Ia menambahkan, kemudahan akses tersebut diharapkan mampu memberikan manfaat nyata, terutama ketika JIS menjadi lokasi penyelenggaraan berbagai kegiatan berskala nasional maupun internasional. Selama ini, tingginya jumlah pengunjung pada acara besar kerap menjadi tantangan tersendiri dalam pengelolaan lalu lintas dan area parkir.
Dengan adanya akses langsung menuju Stasiun KRL JIS, masyarakat memiliki pilihan transportasi yang lebih praktis sehingga potensi kemacetan di sekitar kawasan dapat ditekan. Langkah ini sekaligus mendukung kebijakan Pemerintah Provinsi DKI Jakarta dalam meningkatkan penggunaan transportasi massal sebagai solusi mobilitas perkotaan.
Selain berfungsi sebagai jalur penghubung, keberadaan Gerbang Ancol–JIS juga diyakini mampu memperkuat posisi Jakarta Utara sebagai pusat kegiatan olahraga, pariwisata, hiburan, edukasi, dan ruang publik yang saling terkoneksi. Integrasi antar-kawasan dinilai akan meningkatkan kenyamanan pengunjung sekaligus memperluas aktivitas ekonomi masyarakat di sekitar kawasan tersebut.
Pembangunan infrastruktur ini juga menjadi simbol kolaborasi antara Pemerintah Provinsi DKI Jakarta, PT Pembangunan Jaya Ancol Tbk, Bank BTN, serta berbagai pemangku kepentingan lainnya dalam mewujudkan kota yang lebih modern, inklusif, dan berkelanjutan.
Momentum peresmian Gerbang Ancol–JIS sekaligus menjadi bagian dari persiapan menuju Jakarta 500 Tahun, di mana pembangunan kota diarahkan pada sistem transportasi yang semakin terintegrasi, ruang publik yang nyaman, serta destinasi wisata berstandar global.
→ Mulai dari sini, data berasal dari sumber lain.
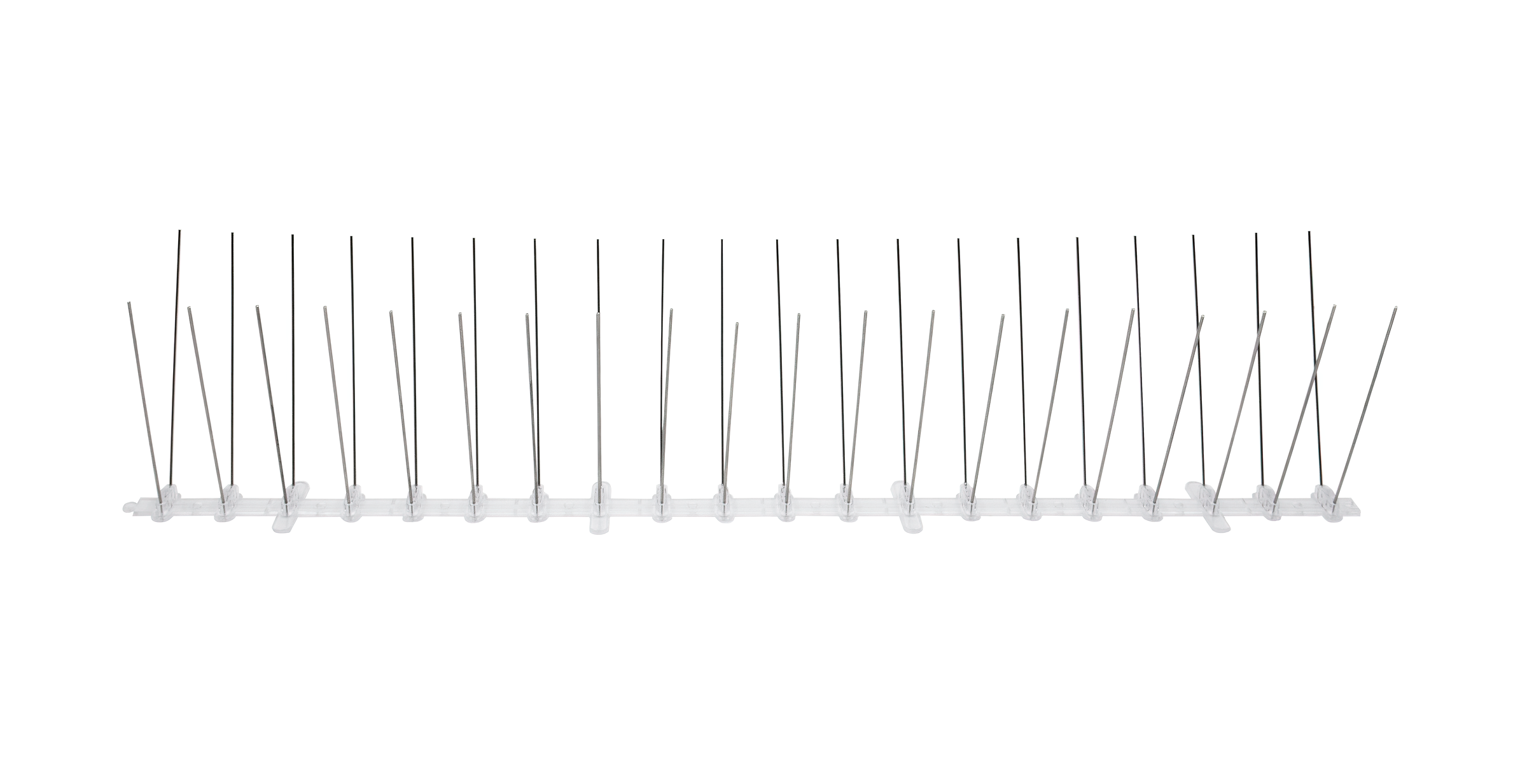 Эти шипы эффективно предотвращают сидение средних по размеру птиц, таких как голуби, дрозды, скворцы, вороны, галки, чайки и другие подобные виды. Каждая секция имеет форму пластины с иглами, расходящимися в стороны, образуя букву "V". Они могут быть установлены на криволинейные поверхности с радиусом до 7,5 см. Монтаж осуществляется с использованием жидких гвоздей для наружных работ с поликарбонатом, а также с помощью болтов или саморезов. При необходимости мы предоставляем услуги по установке, включая работы в труднодоступных местах.
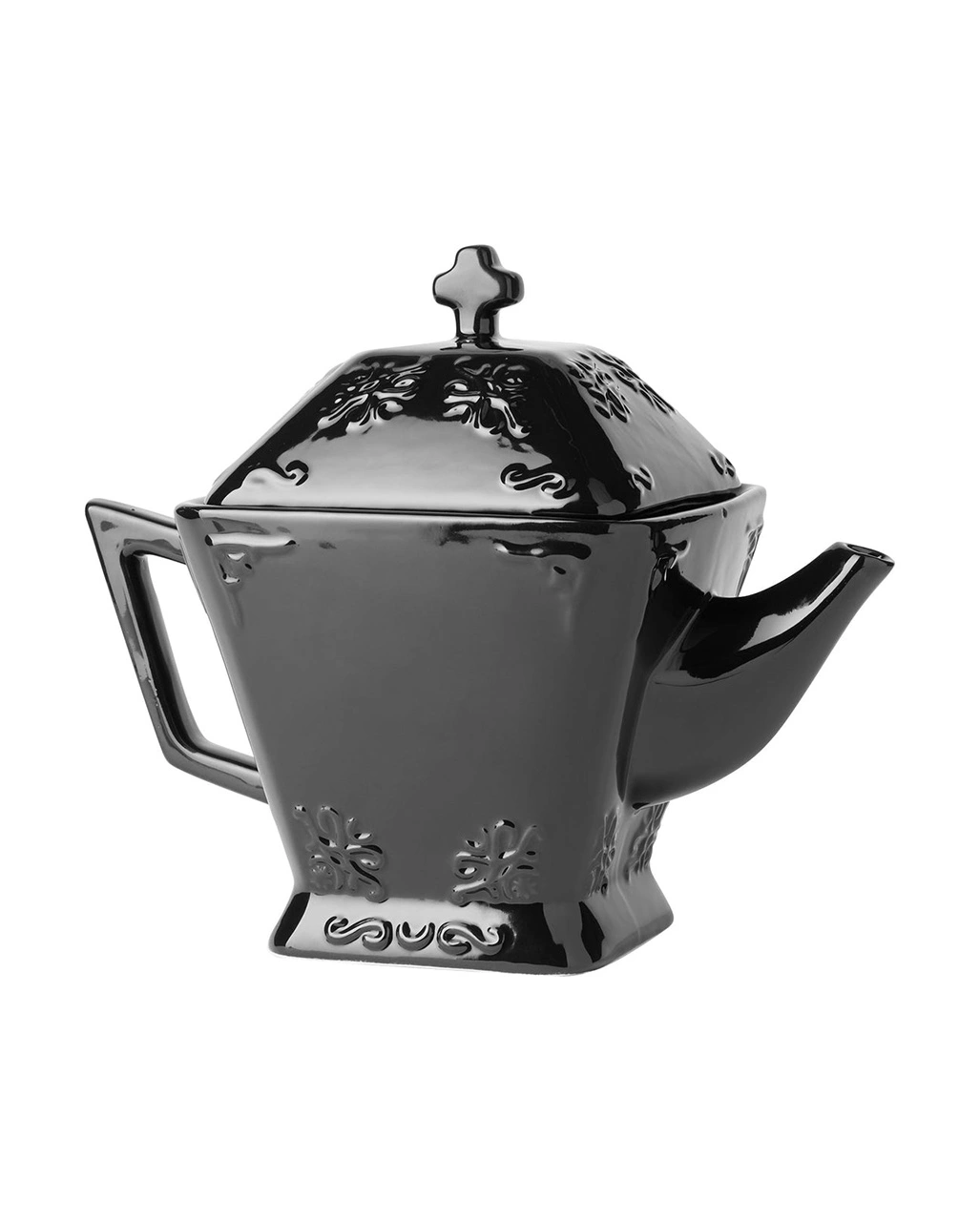 Tee-Liebhaber kommen mit dieser schwarzen Gothic Teekanne voll auf ihre Kosten. Das elegante Gefäß hält deinen tee über längere Zeit heiß und sorgt an jeder Teetafel für Staunen. Die Kitsu KILLSTAR Teekanne ist ein fantastischer Eyecatcher, der deine düstere Seite perfekt unterstreicht. Genieße deinen Lieblingstee mit deinen Freunden oder allein, und erfreue dich an dieser hochwertigen Keramik Kanne in Sargform. Die Kitsu-Reihe von KILLSTAR bietet schöne Gothic Wohnaccessoires und Küchenartikel, die begeistern. Am besten stöberst du in unserem Shop nach weiteren schönen Kitsu KILLSTAR Accessoires.

Ke depan, PT Pembangunan Jaya Ancol Tbk menyatakan akan terus memperkuat kolaborasi dengan Pemerintah Provinsi DKI Jakarta maupun berbagai mitra strategis lainnya untuk menghadirkan inovasi kawasan yang mampu meningkatkan kualitas layanan kepada masyarakat, memperkaya pengalaman pengunjung, serta memperkuat daya saing Jakarta sebagai kota destinasi kelas dunia.
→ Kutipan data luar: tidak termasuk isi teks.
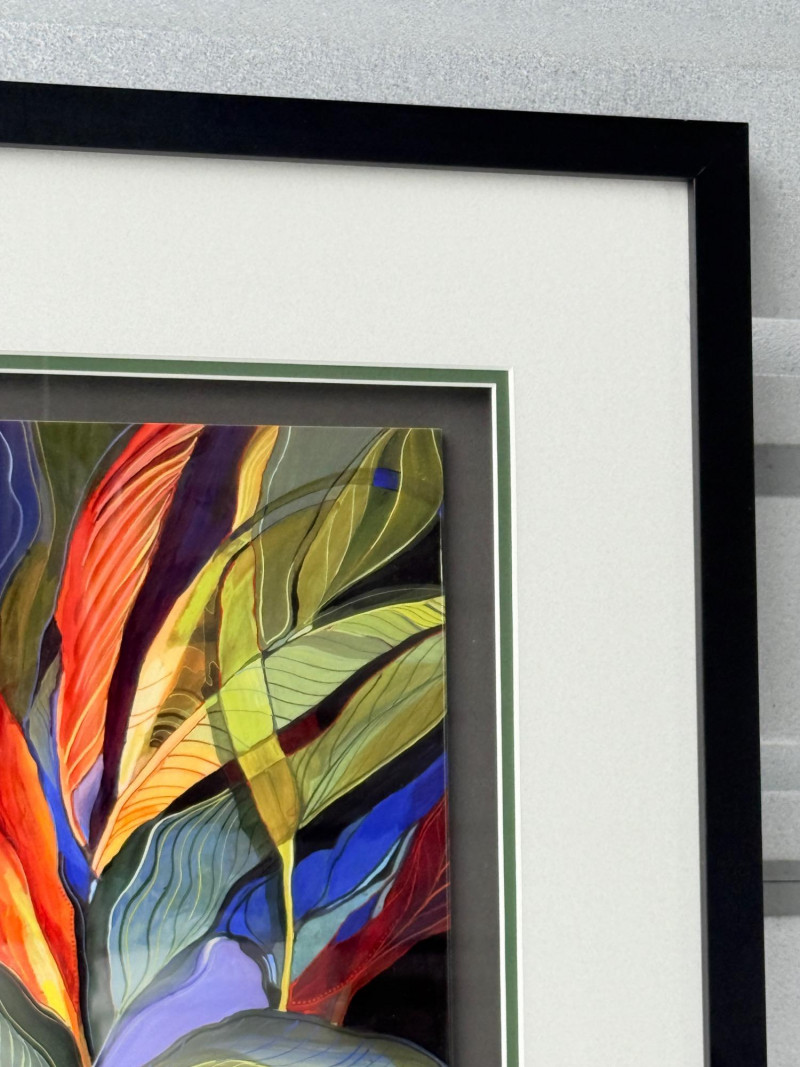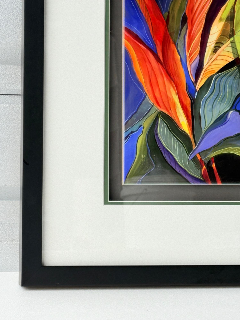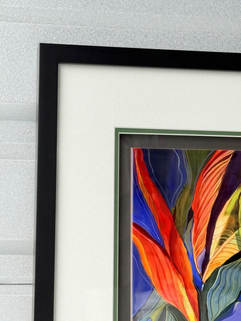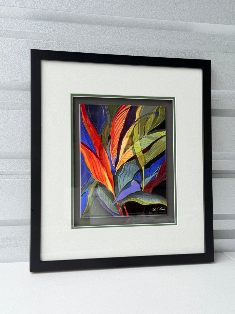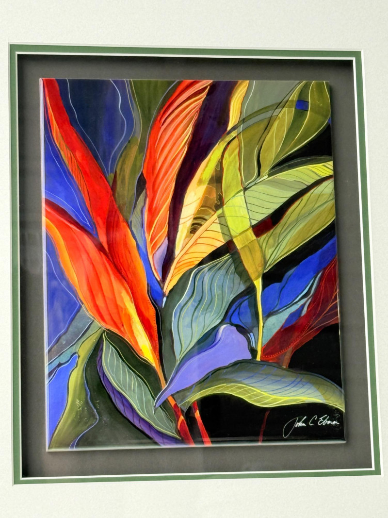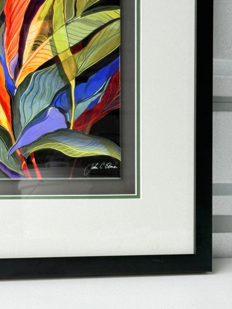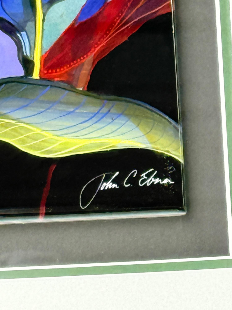 John C. Ebner - Framed Tropical Flower Art on Ceramic Tile, Signed
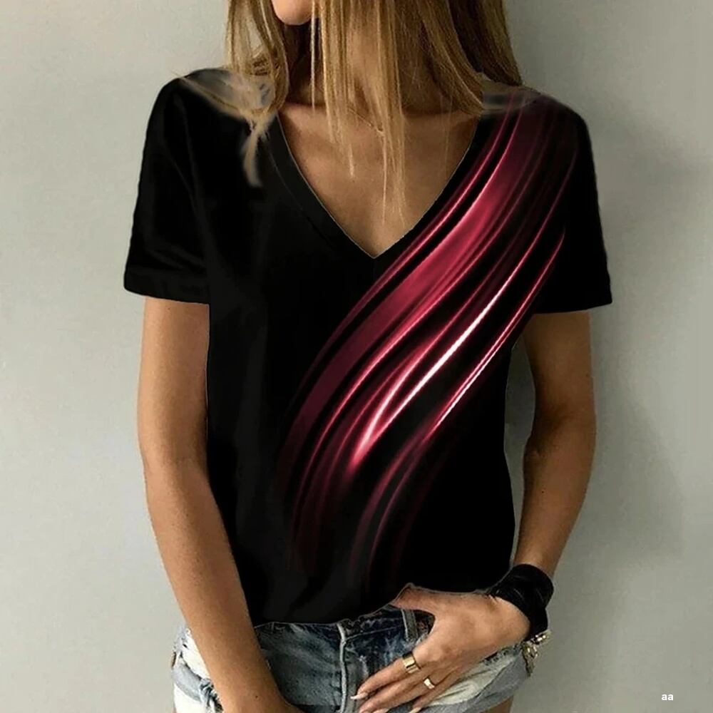 女性用Vネック半袖Tシャツ,Vネック,ファッショナブル,ストライプ,3Dプリント,カジュアルウェア,新しいコレクション2024 ボトム ボトムス ズボン T240619165532_09
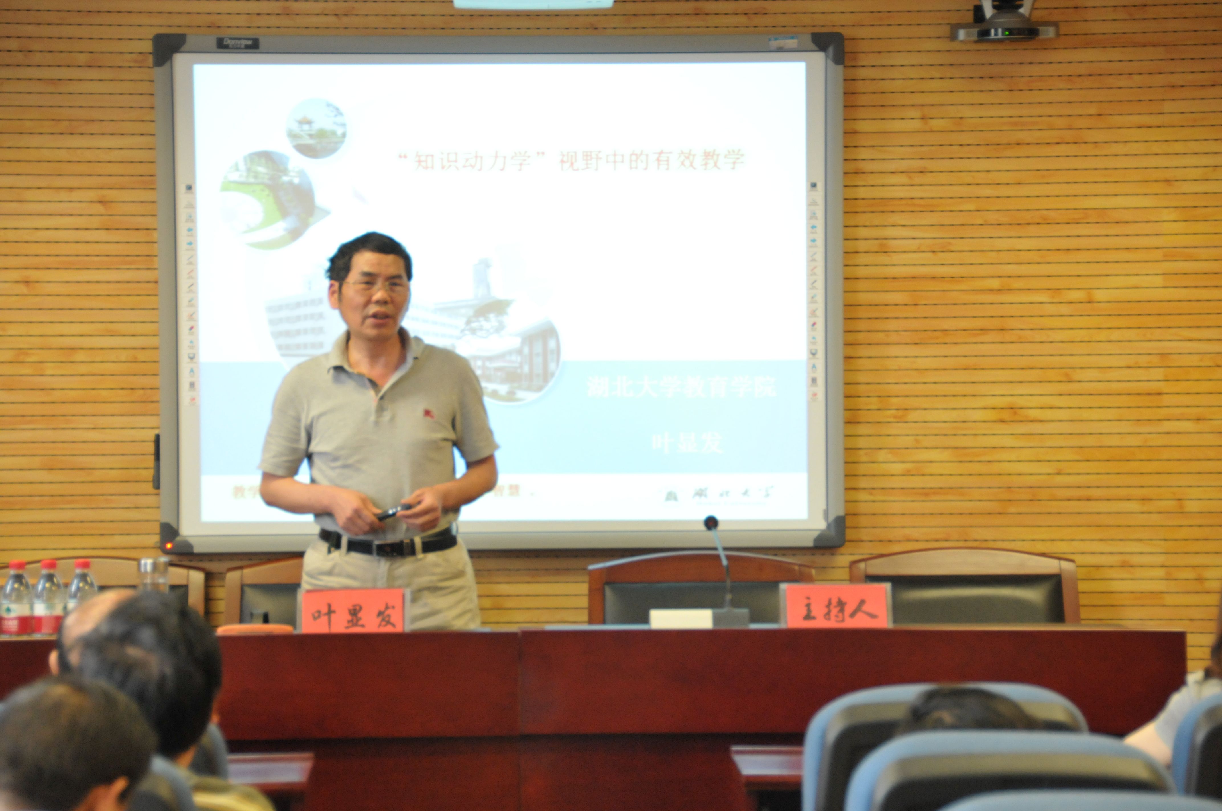 (通讯员 陈俊霞)6月11日下午,应学院之邀,湖北大学教育学院叶显发教授在文沛楼409室为全院教师作了精彩的讲座。讲座由李世黎副院长主持,我院龚先庆院长、朱书刚副院长以及全体老师出席聆听了讲座。

Melalui hadirnya Gerbang Ancol–JIS, integrasi antara transportasi publik, kawasan olahraga, dan destinasi wisata kini memasuki babak baru. Infrastruktur tersebut diharapkan tidak hanya mempermudah mobilitas warga, tetapi juga menjadi katalis pertumbuhan ekonomi, pengembangan pariwisata, serta transformasi Jakarta menuju kota global yang semakin terkoneksi dan berkelanjutan.